RUGGA SINGH Vs. PREM SINGH

Decided On May 19, 2004
RUGGA SINGH Appellant
V/S
PREM SINGH Respondents

JUDGEMENT

(1.) This appeal has been preferred against the award of the Motor Accidents Claims Tribunal, Beawar by which the claim petition filed by the legal heirs of the deceased Hari Singh, who died as a result of the accident caused by vehicle No. HR 38-BJ 7971 which was insured with United India Insurance Co. Ltd., respondent No. 3, has been rejected only on the ground that the eyewitness to the accident was not produced by the claimant-respondent.

(2.) Having heard the counsel for the parties and after perusing the award of the Tribunal rejecting the claim petition, it could be noticed that the accident caused by the vehicle No. HR 38-BJ 7971 took place on 18.3.1998 and the first information report was duly lodged on the same date disclosing the identity of the offending vehicle which caused the accident vide Exh. 2. It is thus obvious from this that the date of the accident and the identity of the vehicle was both disclosed immediately after the accident and there is no lack of evidence on this point. This solitary evidence alone should have been enough for the Claims Tribunal to entertain the claim petition and conduct the proceeding for determining the compensation after taking all relevant facts into consideration, but the Tribunal appears to have rejected the claim of the appellants solely on the ground that the eyewitness to the accident was not produced by the claimants-respondents.

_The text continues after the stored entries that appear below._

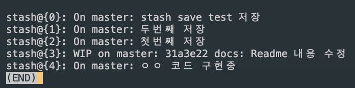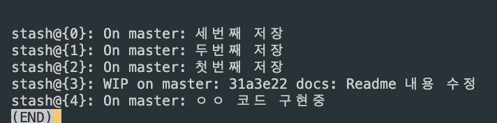git stash list : stash된 list 목록 확인
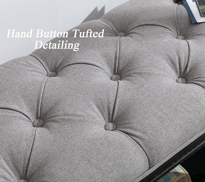 - GORGEOUS: It is accentuated by stylish button tufting, crafted from solid wood with padded seat and open bottom shelf, looks great at the foot of a bed and makes a stylish perch while seating and putting on your shoes.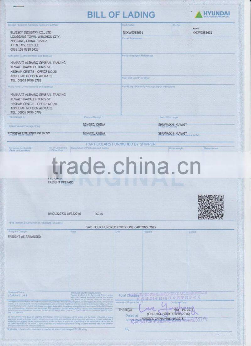 We'll offer all original documents to you. We are professional on export handling.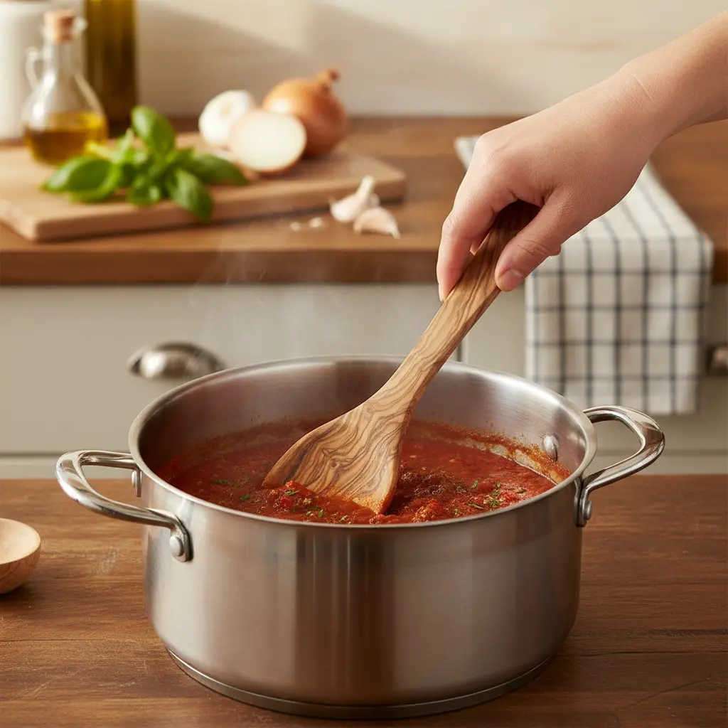 Crafted from high-quality olive wood, this spoon is not only functional but also naturally beautiful with its rich wood grain. Olive wood is known for its durability and natural antimicrobial properties, making it an excellent choice for kitchen utensils. This handmade cooking spoon is a must-have for any home chef who values both form and function in their kitchen tools.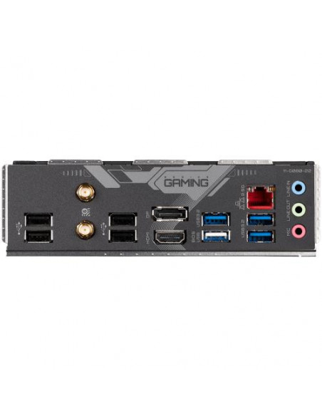 Outras características incluem diversos conectores USB (2x USB 2.0, 3x USB 3.2 Gen 1, 1x USB 3.2 Gen 2 e 1x USB-C), conectores para ventiladores (1x CPU e 3x chassis), conectores para audio frontal, um conector TPM, um conector para tiras LED RGB e um header para portas Thunderbolt. A BIOS é UEFI AMI com 256MB de memória. O factor de forma é Micro ATX, com dimensões de 244 x 244 mm. A placa é compatível com Windows 10 e 11. O sistema de monitorização inclui ventilador, temperatura, tensão e water cooling. A garantia é de 3 anos. A placa inclui software como Norton® Internet Security (versão OEM) e software de gestão de largura de banda de rede. Inclui ainda cabos SATA e uma bateria CR2032.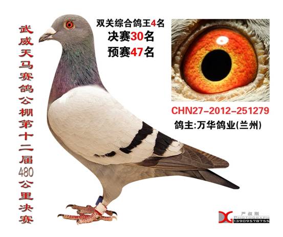 甘肃武威天马公棚决赛30名,双关鸽王4名,同父母上窝兄获地方大特比9名,总特比排名21名,千元3羽赛冠军,侄子同场29名,桑杰士配詹森,父母均为公棚获奖鸽,发挥以致5代啊,小阳台棚不容易啊,哈哈,甘肃金樽鸽业!!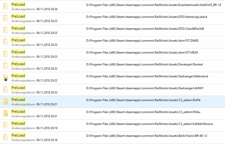 Like the Kuju folder in assets. The preload folder has a subfolder called Hagen - Sieg where the preloads for the german trains are.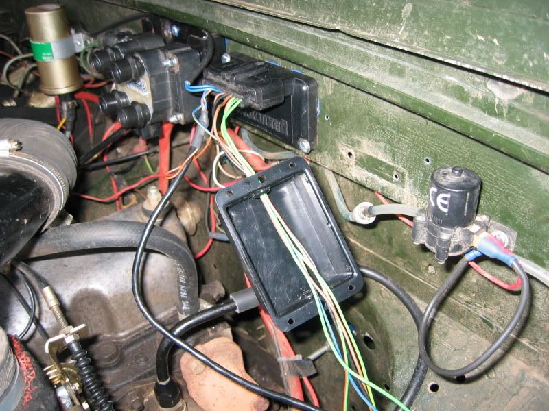 | Here is the Megajolt, wired in. The white wire at the top is the | |

(3.) It is difficult to appreciate this approach of the Tribunal as the Judge of the Tribunal ought to have known that it is the factum of accident, involvement of the deceased in the accident and the identity of the vehicle which are the most relevant considerations for entertaining a claim and the eyewitness, if any, to the accident are only witnesses on the point of corroboration of the accident. If the factum of the accident is proved by a single circumstance, which is indicated from the first information report wherein the identity of the vehicle and death of the deceased is clearly proved, then the fact that it was not corroborated by adducing evidence of the eyewitnesses cannot be a reason to disbelieve the unimpeachable evidence that the accident was caused by the vehicle whose identity has prima facie been proved and even if there be any doubt about its identity, the same can definitely be scrutinised at the stage of determination of the proceeding. But to reject the claim itself in spite of prima facie proof of involvement of the vehicle as also the fact that accident indeed took place, is bound to result into serious miscarriage of justice. Ignoring ample evidence in regard to the factum of accident which has to be held as primary evidence on the ground that the secondary evidence of eyewitnesses were not available, can hardly be held to be a sound reasoning to reject the claim itself. Tribunal, therefore, was clearly in error in rejecting the claim petition filed by the claimants-appellants at its initiation itself on the ground that the eyewitness to the accident had not been produced. This reason relied upon by the Tribunal while rejecting the claim petition of claimants-respondents is not fit to be upheld. Consequently, the impugned order of the Tribunal rejecting the claim petition is set aside which has resulted into grave miscarriage of justice to the interest of the dependants of the deceased-appellant.